▶ **Work to complete**
Reproduce exactly the first line of the material below and every line after it, ending with the line that contains "左は、目薬ならぬ耳薬。飛び跳". No pictures should be copied.

= Beginning of Section =

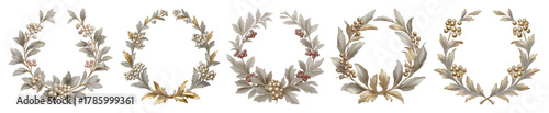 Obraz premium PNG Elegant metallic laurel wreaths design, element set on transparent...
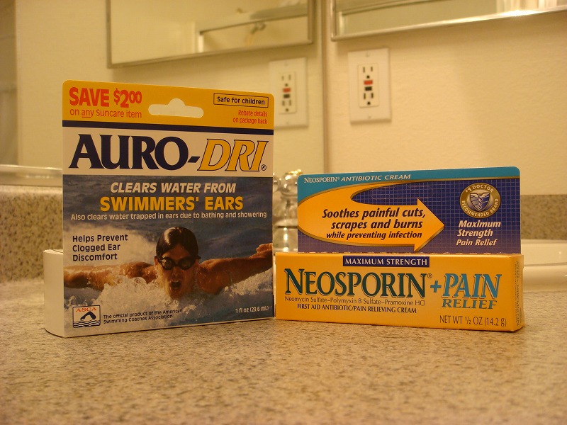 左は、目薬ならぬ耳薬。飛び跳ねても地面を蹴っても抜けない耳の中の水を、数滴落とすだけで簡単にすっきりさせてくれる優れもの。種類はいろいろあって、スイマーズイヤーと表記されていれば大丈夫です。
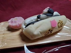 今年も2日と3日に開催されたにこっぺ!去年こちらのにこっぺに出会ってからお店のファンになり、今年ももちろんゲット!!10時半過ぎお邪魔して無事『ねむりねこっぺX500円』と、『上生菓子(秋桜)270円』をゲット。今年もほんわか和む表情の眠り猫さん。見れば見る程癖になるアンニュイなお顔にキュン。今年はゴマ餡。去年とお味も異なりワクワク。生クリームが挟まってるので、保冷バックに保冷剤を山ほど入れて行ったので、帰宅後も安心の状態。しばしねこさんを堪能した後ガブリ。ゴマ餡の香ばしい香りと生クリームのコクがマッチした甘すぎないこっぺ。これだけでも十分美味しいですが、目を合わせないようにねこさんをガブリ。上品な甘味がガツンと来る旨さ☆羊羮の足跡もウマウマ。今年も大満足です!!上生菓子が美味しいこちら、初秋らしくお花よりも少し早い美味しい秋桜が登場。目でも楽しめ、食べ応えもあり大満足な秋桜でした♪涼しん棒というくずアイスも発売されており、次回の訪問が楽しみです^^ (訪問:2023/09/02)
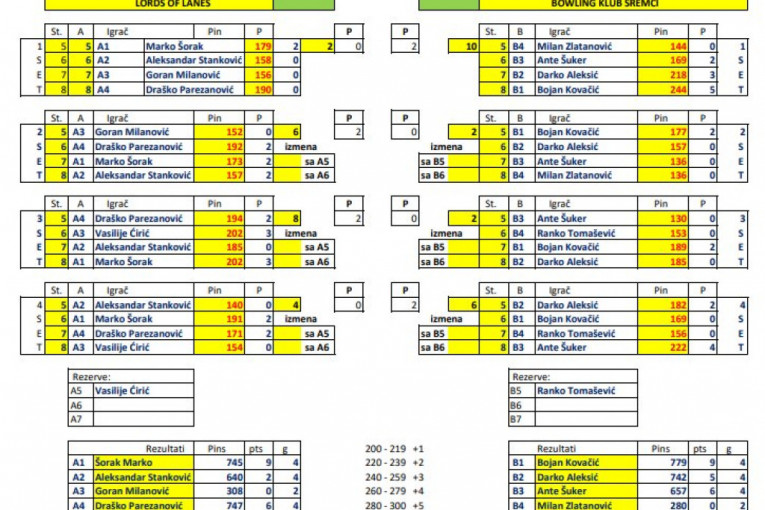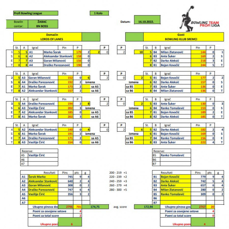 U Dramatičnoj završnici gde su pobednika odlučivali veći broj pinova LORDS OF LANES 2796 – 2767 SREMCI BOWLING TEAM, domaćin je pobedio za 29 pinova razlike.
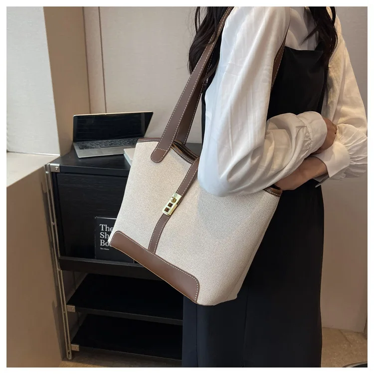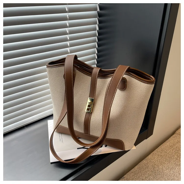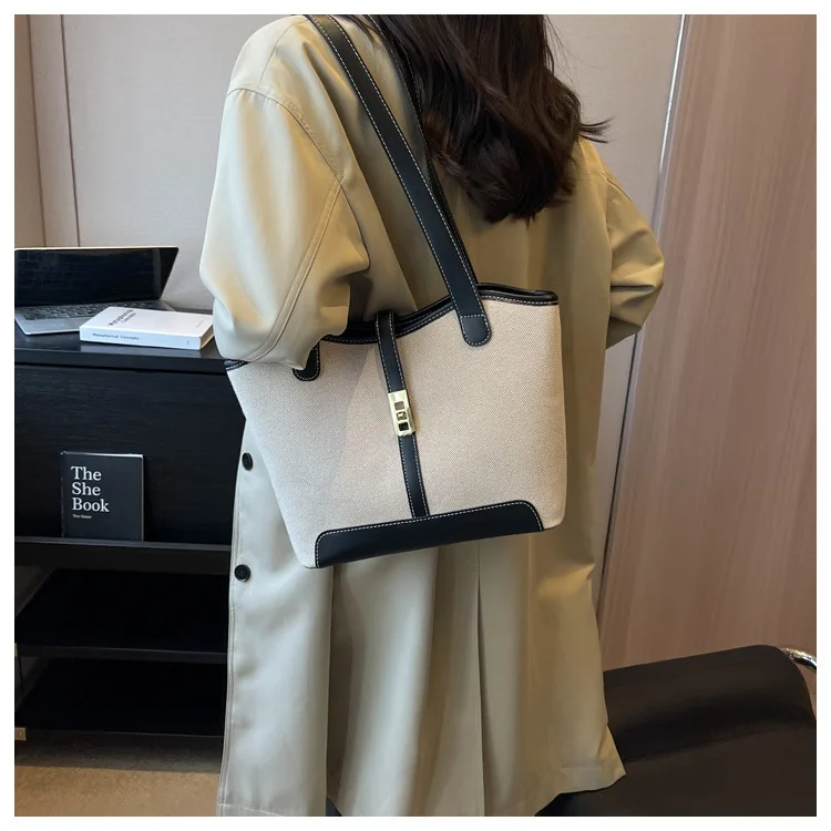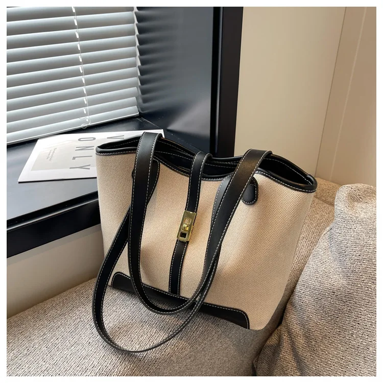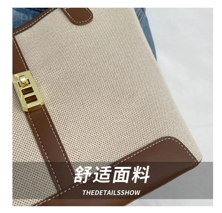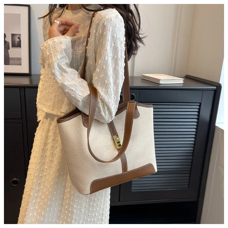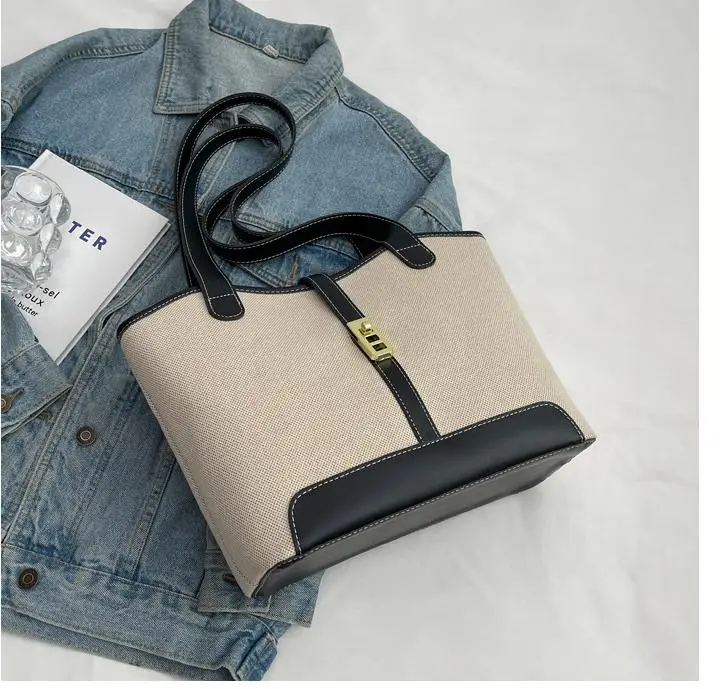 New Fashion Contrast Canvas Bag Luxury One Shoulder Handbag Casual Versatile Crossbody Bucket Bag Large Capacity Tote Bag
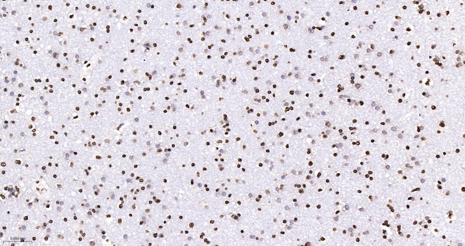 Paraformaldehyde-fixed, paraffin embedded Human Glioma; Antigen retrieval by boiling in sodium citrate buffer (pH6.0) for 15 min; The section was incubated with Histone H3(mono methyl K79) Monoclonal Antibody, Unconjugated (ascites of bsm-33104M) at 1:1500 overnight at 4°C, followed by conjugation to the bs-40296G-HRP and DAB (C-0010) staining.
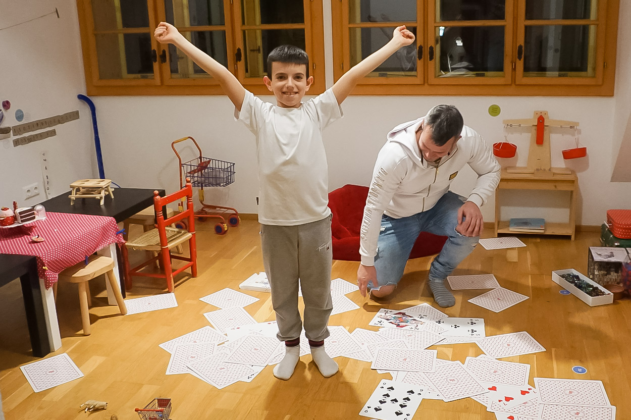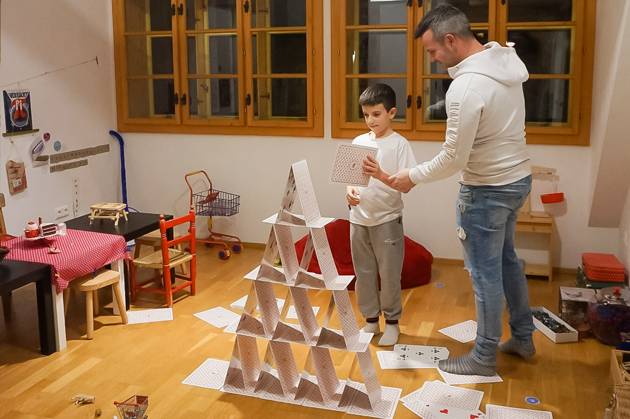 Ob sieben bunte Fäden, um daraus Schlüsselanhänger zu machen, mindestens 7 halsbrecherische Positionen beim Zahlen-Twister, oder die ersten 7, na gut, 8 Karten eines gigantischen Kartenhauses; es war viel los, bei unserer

= End of Section =

▶ **Exercise answer**
 Obraz premium PNG Elegant metallic laurel wreaths design, element set on transparent...
 左は、目薬ならぬ耳薬。飛び跳ねても地面を蹴っても抜けない耳の中の水を、数滴落とすだけで簡単にすっきりさせてくれる優れもの。種類はいろいろあって、スイマーズイヤーと表記されていれば大丈夫です。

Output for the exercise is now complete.